Grand Decentral Station

11/16/2010

Github apparently had an outage over the weekend.

The Twittersphere was all… well… atwitter1 about it, so much so that you would’ve thought the Internet’s Subversion repository had gone down.

All I could keep coming back to every time I read a tweet complaining about the outage was: I thought the argument the big distributed version control proponents always made such a huge deal out of was the complete lack of a “central server” or “authority”.

“With git and mercurial2, developers are free of such antiquated shackles” is what I’ve been told over and over again.

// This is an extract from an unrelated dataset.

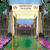 It consists of a cloth or sheet, sometimes a tallit, stretched or supported over four poles, or sometimes manually held up by attendants to the ceremony.
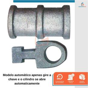 - Cilindro: só fecha utilizando a chave; - Barrica: peça parafusada na porta; - Cone: peça chumbada no piso; - Baioneta: peça de engate girada no cone e introduzida na barrica; - Fechamento do conjunto, somente usando a chave.

But when the “hub” of “git” went down, a central code repository turns out to be a necessary link in the chain to getting one’s work done with distributed version control?

Color me confused.

Or maybe not.

In all of the distributed version control deployments I’ve seen, developers still rely on a centralized repository: whether it’s github, mozilla-central3, or Linus’ laptop4, if you don’t intend on making sure that flight has wifi, so people can keep pulling from you, someone other-than-you has to be the authoritative source of your source.

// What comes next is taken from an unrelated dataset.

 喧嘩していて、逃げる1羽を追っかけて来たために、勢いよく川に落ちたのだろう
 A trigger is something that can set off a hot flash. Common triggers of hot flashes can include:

What is especially interesting is these deployments usually take it a step further, with online (centralized) personal repositories for actual sharing and a separate repository that is the “official” (central!) repository-of-record5.

So anyone claiming that decentralized version control totally negates the need for a central hub is trying to sell you something.

And anyone who really believes that illusion should learn the words the Simon and Garfunkle classic “I Am a Rock” because without anywhere to push, that fancy distributed version control system repository sitting on your machine is just another nameless, impossible-to-find island.

_______________
1 Atweeted?
2 And monotone and bazaar and…
3 They’re not even trying to hide the non-distributness of the repository!
4 Or wherever you’re supposed to pull from these days to figure out what the heck the authoritative kernel source is…
5 For the people who, y’know, don’t care about every feature, bug, and blue-sky branch of every developer involved in the project

The Cost of Failing to Brief Your Approach

10/28/2010

One of the blogs I follow, the Aviation Mentor, recently wrote a fascinating post about the Oakland VORTAC1.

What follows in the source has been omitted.